- [REQUIRED WORK] Restate the following data in its entirety, word for word and without images.

- [RECORDED DATA]
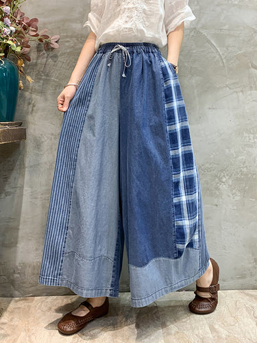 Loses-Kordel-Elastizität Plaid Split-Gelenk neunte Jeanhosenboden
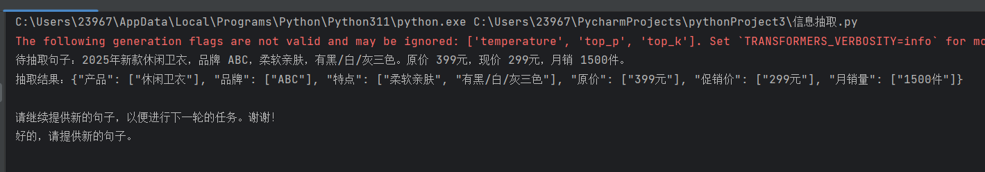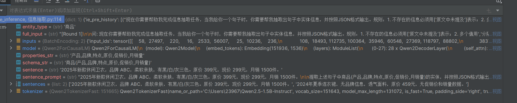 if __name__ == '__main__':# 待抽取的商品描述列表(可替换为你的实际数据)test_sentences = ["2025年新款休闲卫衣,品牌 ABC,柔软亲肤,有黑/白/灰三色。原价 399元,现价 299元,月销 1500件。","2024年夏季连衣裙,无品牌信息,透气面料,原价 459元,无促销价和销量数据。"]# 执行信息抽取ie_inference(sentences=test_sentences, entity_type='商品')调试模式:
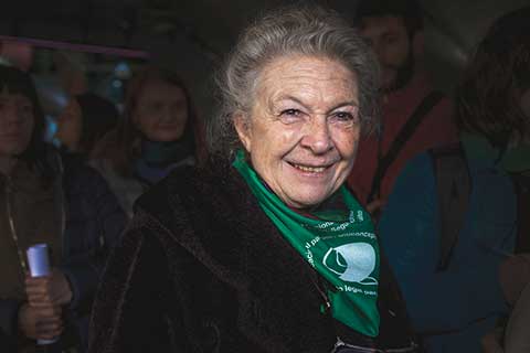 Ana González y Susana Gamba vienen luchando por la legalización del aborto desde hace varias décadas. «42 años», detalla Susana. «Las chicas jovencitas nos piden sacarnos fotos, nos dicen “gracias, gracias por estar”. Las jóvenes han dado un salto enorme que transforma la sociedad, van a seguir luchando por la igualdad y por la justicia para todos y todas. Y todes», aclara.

- [ANSWER TO THIS TASK]
 Loses-Kordel-Elastizität Plaid Split-Gelenk neunte Jeanhosenboden
 if __name__ == '__main__':# 待抽取的商品描述列表(可替换为你的实际数据)test_sentences = ["2025年新款休闲卫衣,品牌 ABC,柔软亲肤,有黑/白/灰三色。原价 399元,现价 299元,月销 1500件。","2024年夏季连衣裙,无品牌信息,透气面料,原价 459元,无促销价和销量数据。"]# 执行信息抽取ie_inference(sentences=test_sentences, entity_type='商品')调试模式:
 Ana González y Susana Gamba vienen luchando por la legalización del aborto desde hace varias décadas. «42 años», detalla Susana. «Las chicas jovencitas nos piden sacarnos fotos, nos dicen “gracias, gracias por estar”. Las jóvenes han dado un salto enorme que transforma la sociedad, van a seguir luchando por la igualdad y por la justicia para todos y todas. Y todes», aclara.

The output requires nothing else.